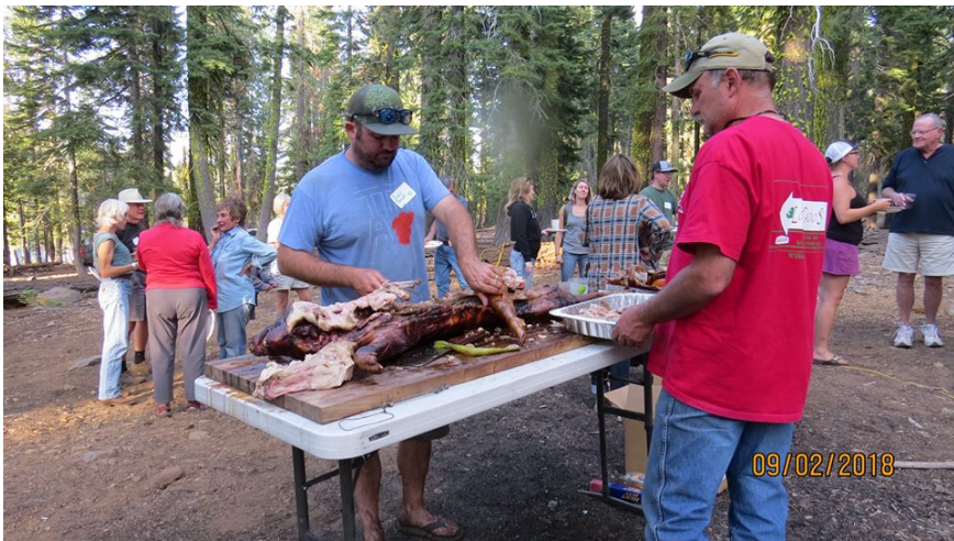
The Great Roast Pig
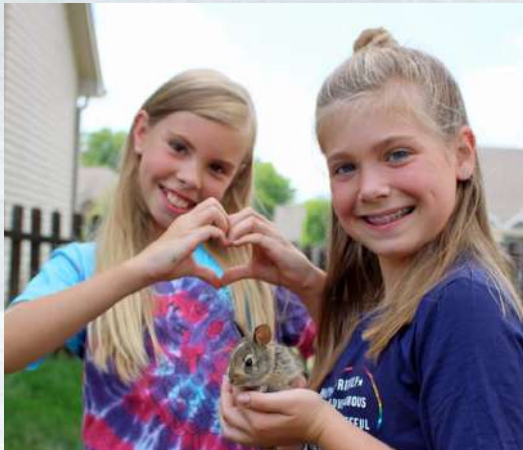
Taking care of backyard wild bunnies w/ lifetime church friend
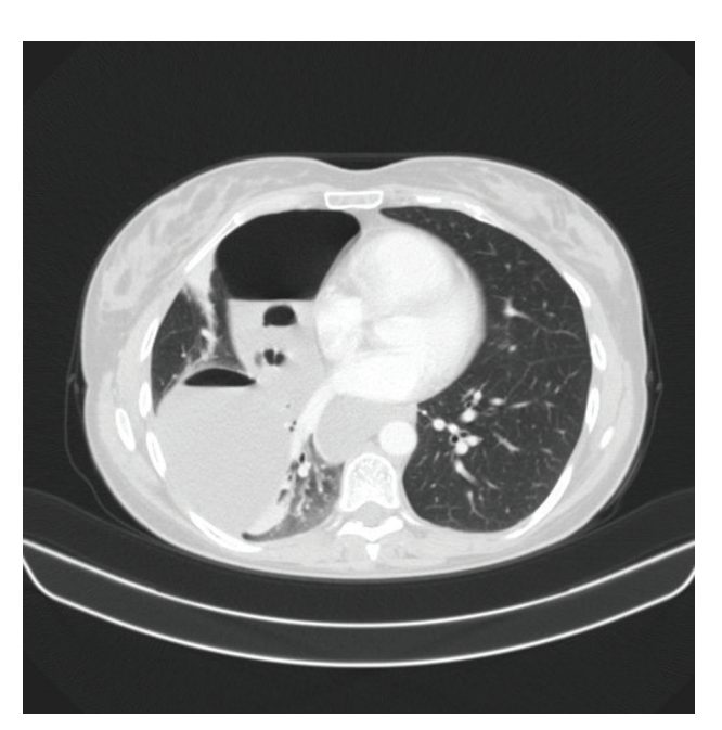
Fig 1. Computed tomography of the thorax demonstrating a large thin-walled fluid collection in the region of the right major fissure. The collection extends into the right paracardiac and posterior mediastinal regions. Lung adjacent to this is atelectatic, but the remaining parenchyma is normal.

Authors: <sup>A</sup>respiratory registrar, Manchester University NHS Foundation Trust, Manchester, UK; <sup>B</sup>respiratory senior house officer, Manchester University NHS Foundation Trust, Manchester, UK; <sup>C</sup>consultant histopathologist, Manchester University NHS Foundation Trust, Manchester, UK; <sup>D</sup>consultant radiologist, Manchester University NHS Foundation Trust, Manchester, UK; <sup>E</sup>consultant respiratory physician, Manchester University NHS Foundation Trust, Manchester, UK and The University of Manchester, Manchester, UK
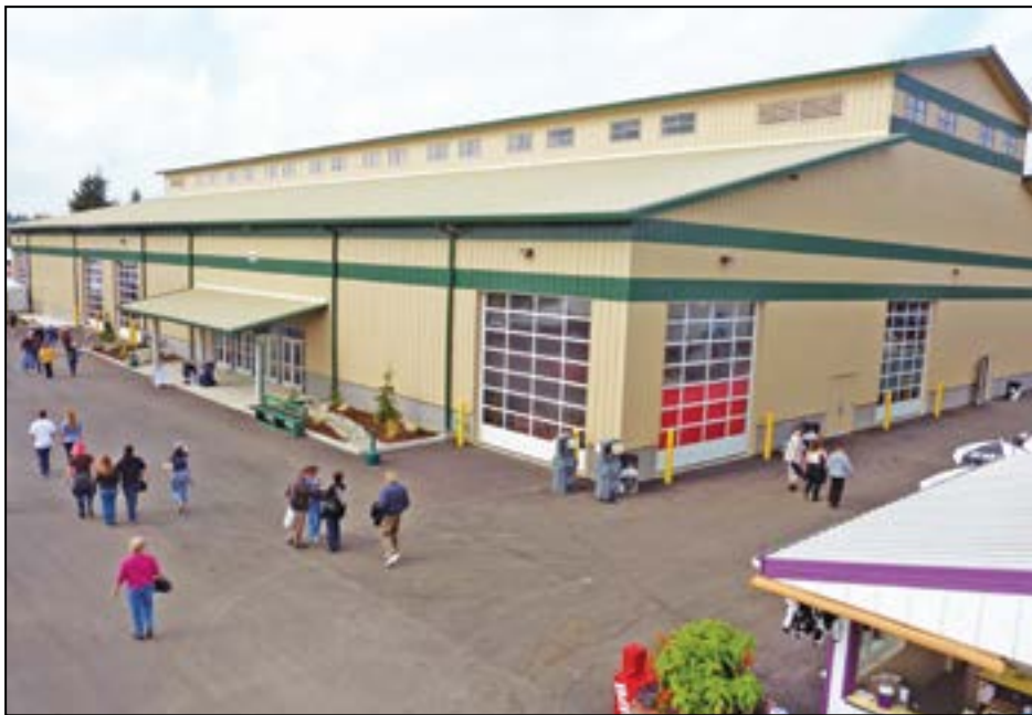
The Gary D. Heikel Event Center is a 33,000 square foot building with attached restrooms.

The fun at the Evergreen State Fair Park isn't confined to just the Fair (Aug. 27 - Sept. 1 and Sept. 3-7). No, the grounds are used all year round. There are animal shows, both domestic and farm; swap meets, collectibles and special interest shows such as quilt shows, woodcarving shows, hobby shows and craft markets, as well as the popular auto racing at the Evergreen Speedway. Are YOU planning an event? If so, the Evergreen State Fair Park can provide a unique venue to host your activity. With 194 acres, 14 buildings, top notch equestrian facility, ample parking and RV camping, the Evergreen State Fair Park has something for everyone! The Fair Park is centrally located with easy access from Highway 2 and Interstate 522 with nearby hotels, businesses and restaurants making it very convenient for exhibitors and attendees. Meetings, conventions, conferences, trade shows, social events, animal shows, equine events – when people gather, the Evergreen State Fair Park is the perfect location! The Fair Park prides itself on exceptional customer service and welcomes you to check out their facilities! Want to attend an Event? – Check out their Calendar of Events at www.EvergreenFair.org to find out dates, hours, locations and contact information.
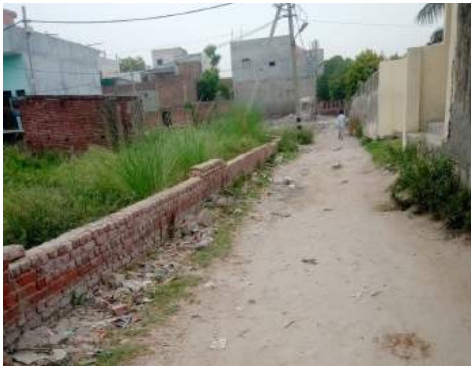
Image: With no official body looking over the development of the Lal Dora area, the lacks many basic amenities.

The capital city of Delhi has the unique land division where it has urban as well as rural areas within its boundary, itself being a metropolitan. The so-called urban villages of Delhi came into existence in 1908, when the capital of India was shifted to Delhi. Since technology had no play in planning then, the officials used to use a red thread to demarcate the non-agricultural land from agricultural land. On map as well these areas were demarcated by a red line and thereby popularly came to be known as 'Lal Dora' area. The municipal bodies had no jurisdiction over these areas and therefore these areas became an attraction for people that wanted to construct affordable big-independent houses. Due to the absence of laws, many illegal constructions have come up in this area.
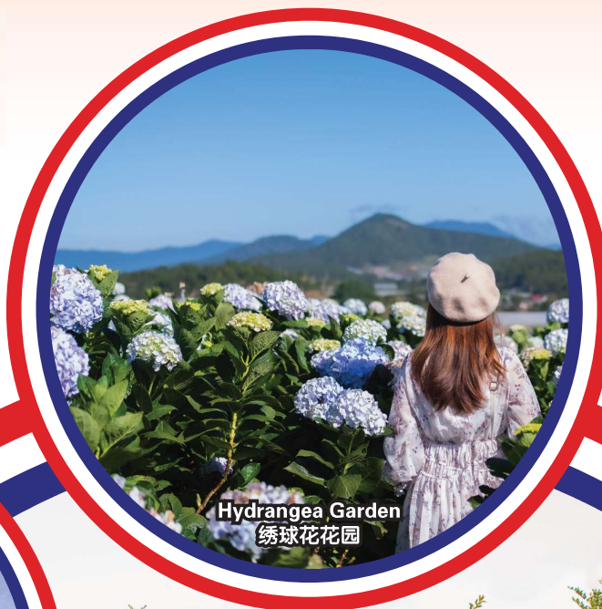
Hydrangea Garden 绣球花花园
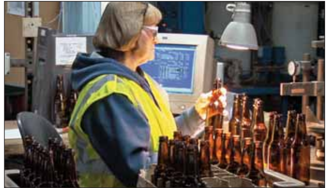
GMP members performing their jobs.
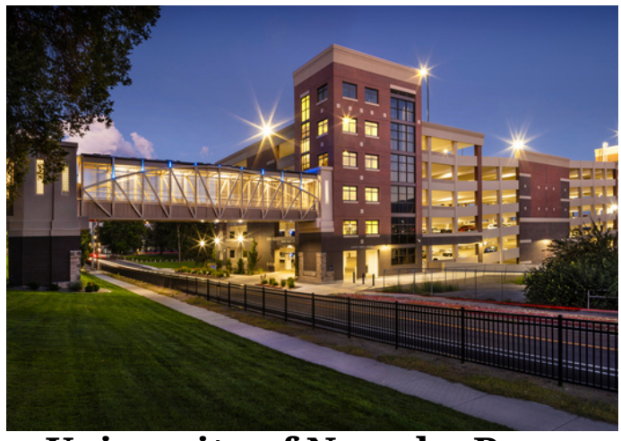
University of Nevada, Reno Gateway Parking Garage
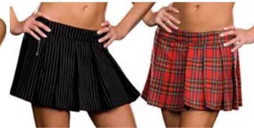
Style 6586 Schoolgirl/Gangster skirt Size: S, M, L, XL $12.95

## Prompt
Repeat exactly the stretch of the listing above that starts with the line holding "The fun at the" and finishes with the line holding "Image: With no", both included. Skip every picture.

## The answer
The fun at the Evergreen State Fair Park isn't confined to just the Fair (Aug. 27 - Sept. 1 and Sept. 3-7). No, the grounds are used all year round. There are animal shows, both domestic and farm; swap meets, collectibles and special interest shows such as quilt shows, woodcarving shows, hobby shows and craft markets, as well as the popular auto racing at the Evergreen Speedway. Are YOU planning an event? If so, the Evergreen State Fair Park can provide a unique venue to host your activity. With 194 acres, 14 buildings, top notch equestrian facility, ample parking and RV camping, the Evergreen State Fair Park has something for everyone! The Fair Park is centrally located with easy access from Highway 2 and Interstate 522 with nearby hotels, businesses and restaurants making it very convenient for exhibitors and attendees. Meetings, conventions, conferences, trade shows, social events, animal shows, equine events – when people gather, the Evergreen State Fair Park is the perfect location! The Fair Park prides itself on exceptional customer service and welcomes you to check out their facilities! Want to attend an Event? – Check out their Calendar of Events at www.EvergreenFair.org to find out dates, hours, locations and contact information.
Image: With no official body looking over the development of the Lal Dora area, the lacks many basic amenities.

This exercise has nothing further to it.